PROBLEM STATEMENT: In the copy, include no pictures, but reproduce every record exactly.
——
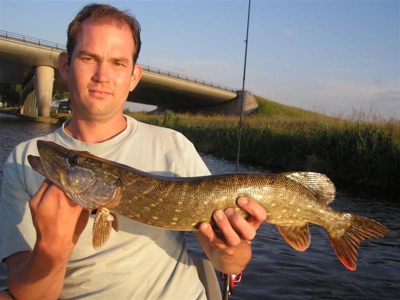 We trolde de Kanaal kant verder af wat een aantal Baarzen opleverde. Onder het viaduct krijgen we allebei beet maar kunnen niets haken. Op het moment dat we er onderdoor zijn klapt Patricks spinhengel krom, een heftige dril volgt. Het is een felle Snoek van ongv. 65cm de Snoek springt verschillende malen uit het water, op het moment dat ik hem wilde pakken sprong hij zelfs spontaan in de boot!!
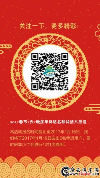 3、名單公布:2017.1.19(屆時房車生活家將電話通知5位幸運用戶)
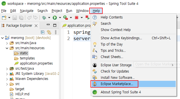 1. Help > Eclipse Marketplace 클릭
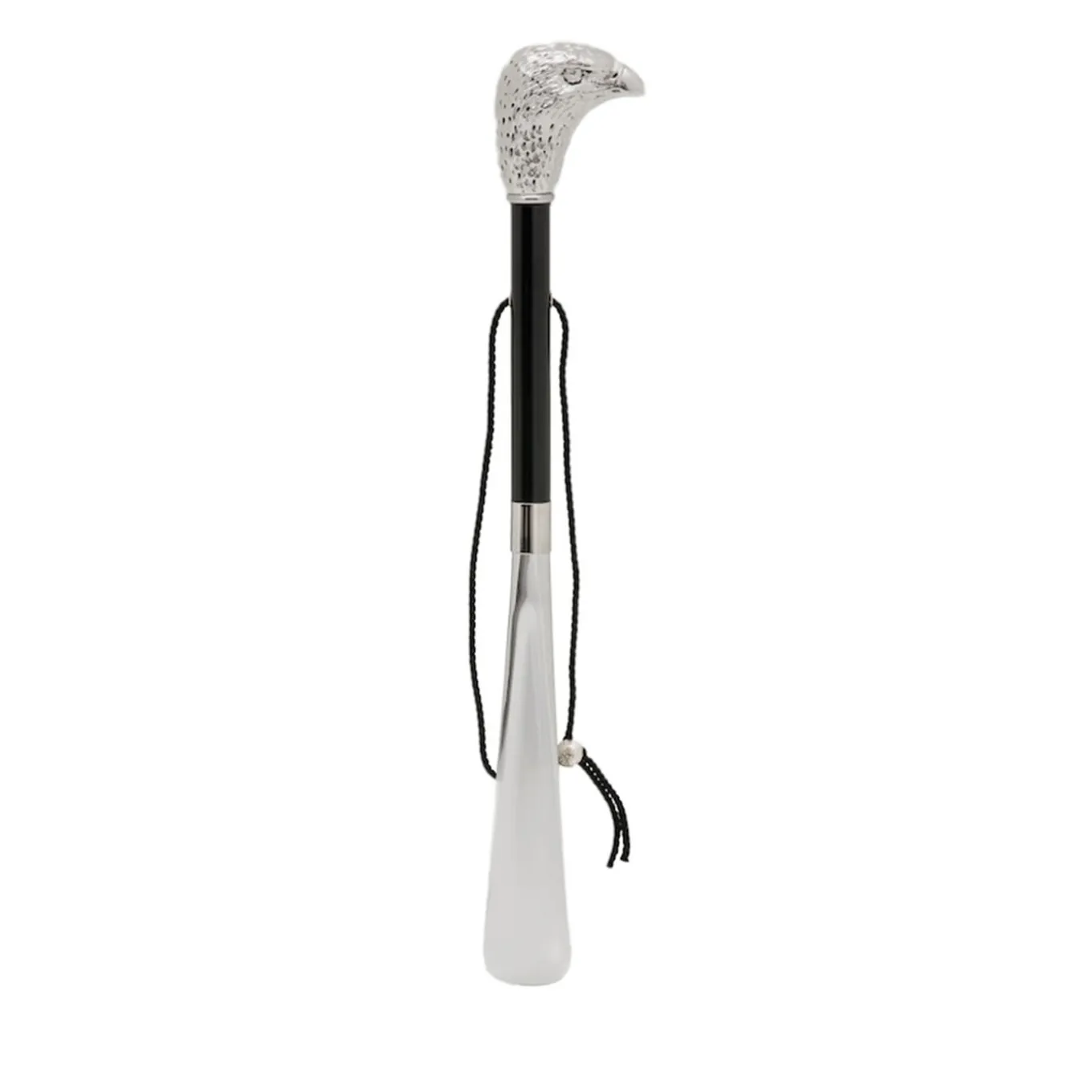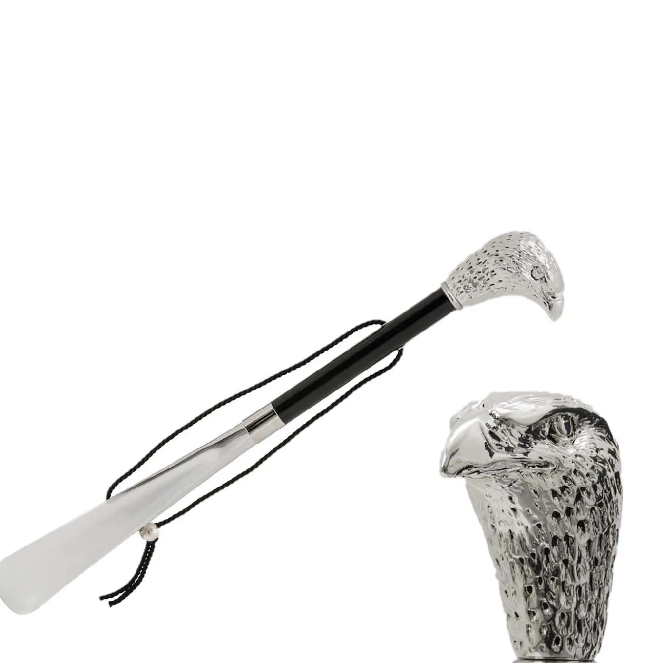 Solidamente realizzata in resina argentata, la testa di un’aquila adorna questo calzascarpe Silver Eagle, che funge da manico di questo accessorio estremamente elegante. Misura 50 cm, ha un fusto in legno, un’estremità in ABS ed è interamente realizzato a mano in Italia.
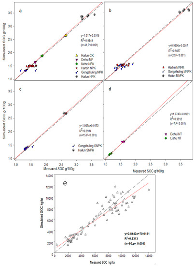 The simulation of SOC changes in this paper was divided into two sections. In the first section, the model performance is evaluated. The long-term measured datasets of the six sites (Hailun, Harbin, Gongzhuling, Dehui, Lishu and Nehe) were used for model calibration and validation. During this process, four treatments were simulated, and included the fertilizer application only (NPK), organic fertilizer incorporation (MNPK), straw return (SNPK), and straw return combining with no-tillage (NT) (Table 1). Through parameter adjustment of crop parameters (crop. 100), and management parameters (fert. 100, cult. 100, harv. 100, omad. 100), optimal parameters were obtained when the measured data fit with the simulated data; after, the adjusted parameters were used for model validation to test the applicability of model. Second, the calibrated and validated model was used to simulate future SOC changing trends of different management practices (NPK, MNPK, SNPK, NT) under the IPCC RCP 4.5 climate scenario at each site.
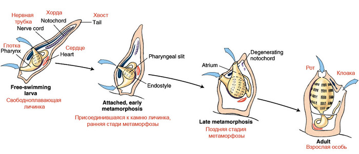 Асцидии сидячие животные, они могут жить поодиночке или кучей. Прикрепившись к поверхности, личинка асцидии деградирует: хвост вместе с хордой постепенно исчезает, тело принимает мешковидную форму, статоцист (орган слуха и равновесия) и глаз тоже исчезают, а вместо мозгового пузырька остается только нервный ганглий и околонервная железка.
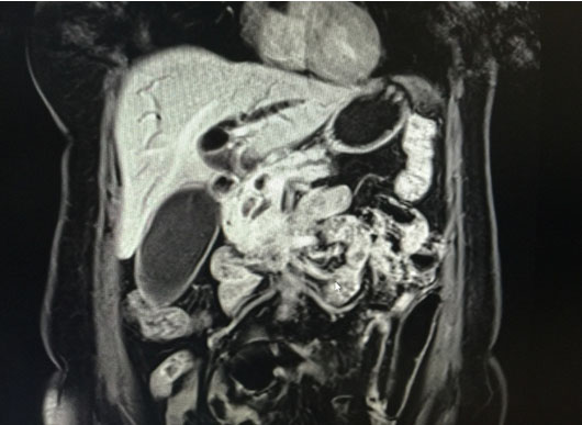 Chest X-ray, electrolytes and creatinine, liver function test, CA 19-9 levels were all normal. Esophagogastroduodenoscopy revealed no mass, polyps, or ulcers with the scope inserted up to the second part of the duodenum.
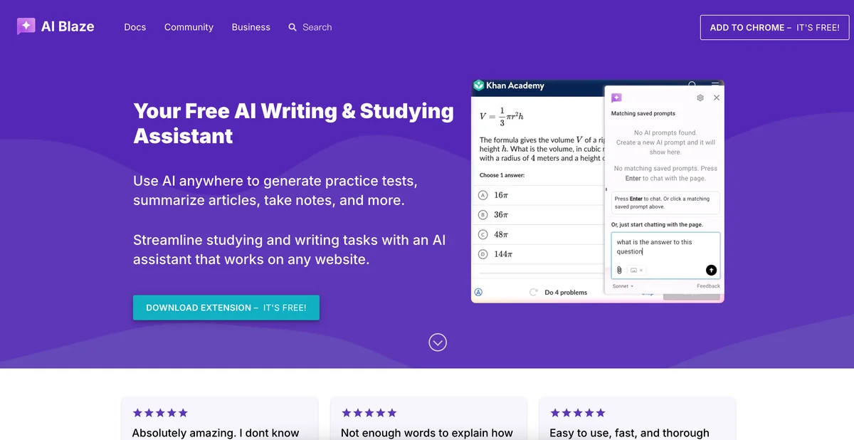 AI Blaze enhances studying and writing by providing instant answers, study guides, and writing improvements, making academic tasks easier for students everywhere.
——
RESPONSE TO THIS TASK:
 We trolde de Kanaal kant verder af wat een aantal Baarzen opleverde. Onder het viaduct krijgen we allebei beet maar kunnen niets haken. Op het moment dat we er onderdoor zijn klapt Patricks spinhengel krom, een heftige dril volgt. Het is een felle Snoek van ongv. 65cm de Snoek springt verschillende malen uit het water, op het moment dat ik hem wilde pakken sprong hij zelfs spontaan in de boot!!
 3、名單公布:2017.1.19(屆時房車生活家將電話通知5位幸運用戶)
 1. Help > Eclipse Marketplace 클릭
 Solidamente realizzata in resina argentata, la testa di un’aquila adorna questo calzascarpe Silver Eagle, che funge da manico di questo accessorio estremamente elegante. Misura 50 cm, ha un fusto in legno, un’estremità in ABS ed è interamente realizzato a mano in Italia.
 The simulation of SOC changes in this paper was divided into two sections. In the first section, the model performance is evaluated. The long-term measured datasets of the six sites (Hailun, Harbin, Gongzhuling, Dehui, Lishu and Nehe) were used for model calibration and validation. During this process, four treatments were simulated, and included the fertilizer application only (NPK), organic fertilizer incorporation (MNPK), straw return (SNPK), and straw return combining with no-tillage (NT) (Table 1). Through parameter adjustment of crop parameters (crop. 100), and management parameters (fert. 100, cult. 100, harv. 100, omad. 100), optimal parameters were obtained when the measured data fit with the simulated data; after, the adjusted parameters were used for model validation to test the applicability of model. Second, the calibrated and validated model was used to simulate future SOC changing trends of different management practices (NPK, MNPK, SNPK, NT) under the IPCC RCP 4.5 climate scenario at each site.
 Асцидии сидячие животные, они могут жить поодиночке или кучей. Прикрепившись к поверхности, личинка асцидии деградирует: хвост вместе с хордой постепенно исчезает, тело принимает мешковидную форму, статоцист (орган слуха и равновесия) и глаз тоже исчезают, а вместо мозгового пузырька остается только нервный ганглий и околонервная железка.
 Chest X-ray, electrolytes and creatinine, liver function test, CA 19-9 levels were all normal. Esophagogastroduodenoscopy revealed no mass, polyps, or ulcers with the scope inserted up to the second part of the duodenum.
 AI Blaze enhances studying and writing by providing instant answers, study guides, and writing improvements, making academic tasks easier for students everywhere.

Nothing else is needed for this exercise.